David Fincher's 'Gone Girl' Has Different Third Act From Original Novel
Gillian Flynn's best-selling novel, Gone Girl, has one of the most divisive endings in recent memory. (It's an ending we won't spoil here.) Having read the book, I remember thinking, "Audiences are going to be so pissed if David Fincher's movie ends this way." Turns out, that might not be a problem. We've known that he was't going to be as faithful to the novel as he was with The Girl With the Dragon Tattoo, and in the latest issue of Entertainment Weekly the author, who adapted her own novel for the screen, admitted she reworked much of the original story. Part of that is an entirely new third act. Read the quotes, which will avoid spoilers, below.
All of the new Gone Girl info is from the latest issue of Entertainment Weekly. The Film Stage pulled this latest quote from Flynn.
Ben [Affleck] was so shocked by it. He would say, 'This is a whole new third act! She literally threw that third act out and started from scratch.'
Again, I won't spoil what that could mean nine months away from the film's release, but I do recommend reading the novel. It's a tense, surprising page turner with three very distinct acts. The story centers on a seemingly perfect married couple, Nick (Affleck) and Amy (Rosamund Pike), who move out of the city after losing their jobs. On their anniversary, Amy mysteriously disappears and Nick is the primary suspect.
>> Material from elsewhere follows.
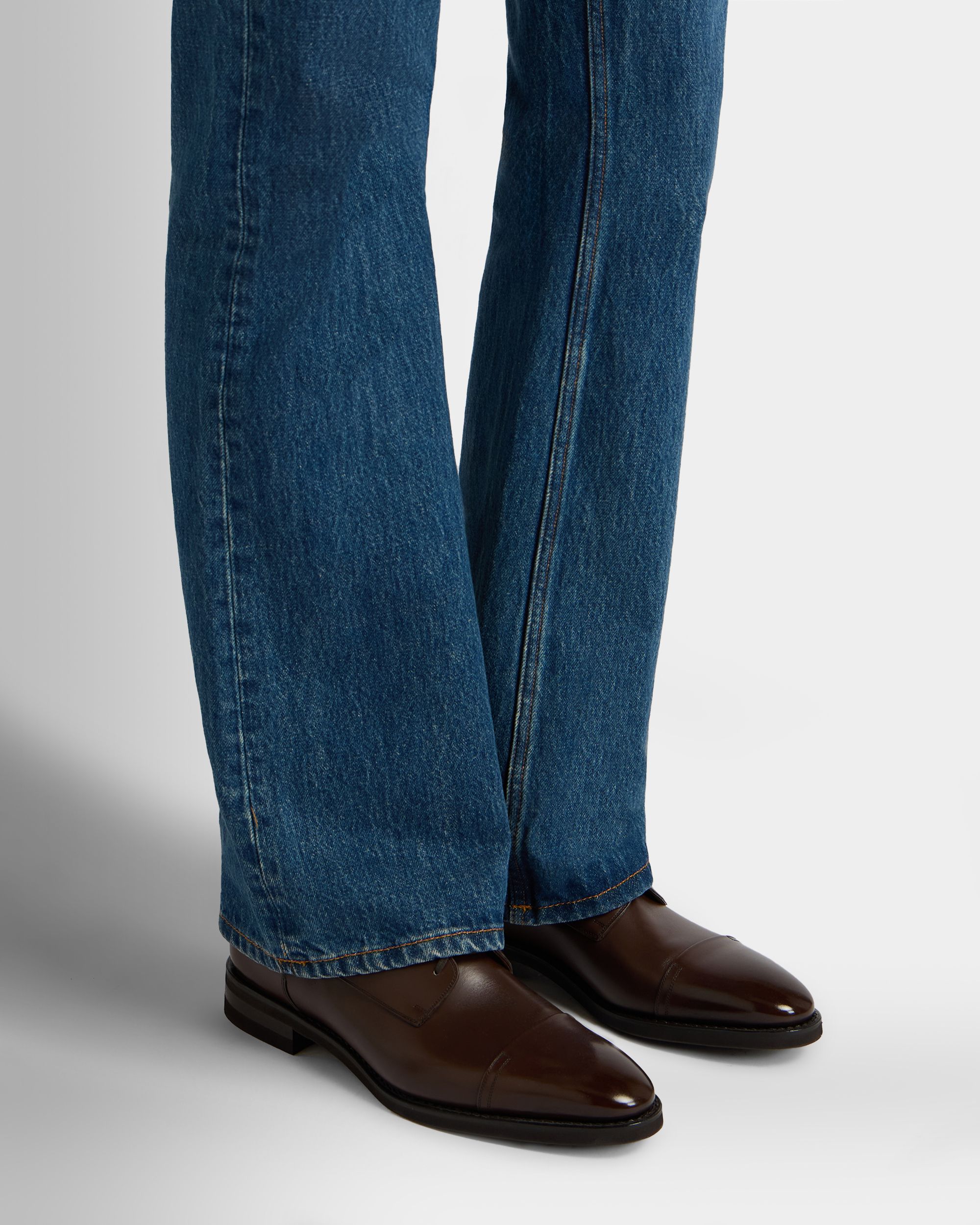 This Scribe Un derby is characterized by a classic silhouette in brown grained leather, hand polished on the toe and heel. Meticulous stitching – 9 stitches per centimeter – is just one of the over 200 steps required to craft this elegant lace-up style.
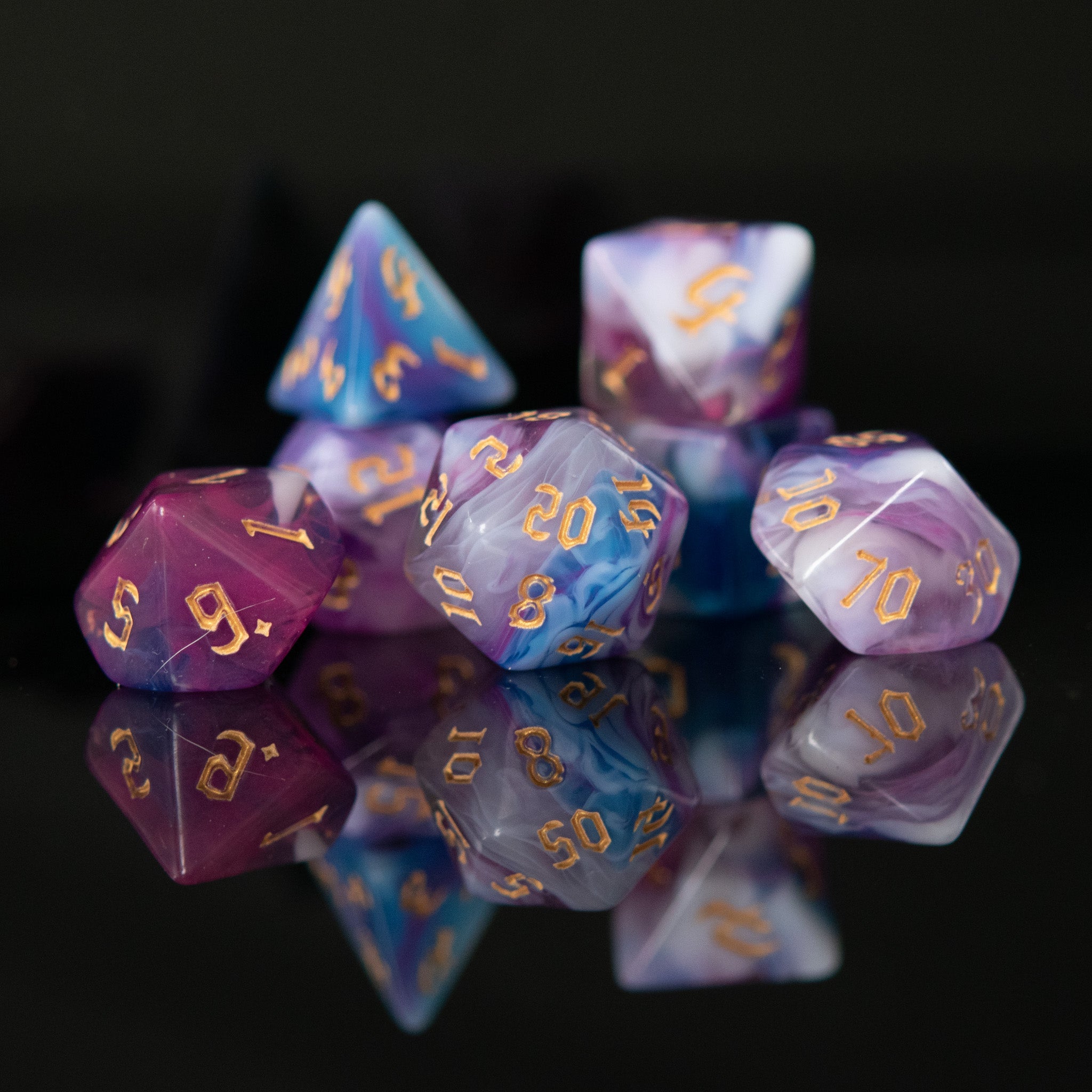 Our acrylic dice are carefully poured into individual molds and cured inside a vacuum chamber to insure no air bubbles are trapped inside the dice. After curing, each individual die is removed from the mold and numbers are painted by hand. These dice are perfect for any RPG and will sure to impress at your upcoming session!

In the same article (and posted yesterday), Flynn talked more about changing the screenplay from the original novel:
There was something thrilling about taking this piece of work that I'd spent about two years painstakingly putting together with all its eight million LEGO pieces and take a hammer to it and bash it apart and reassemble it into a movie.
David Fincher's Gone Girl, featuring a whole new third act, opens October 3.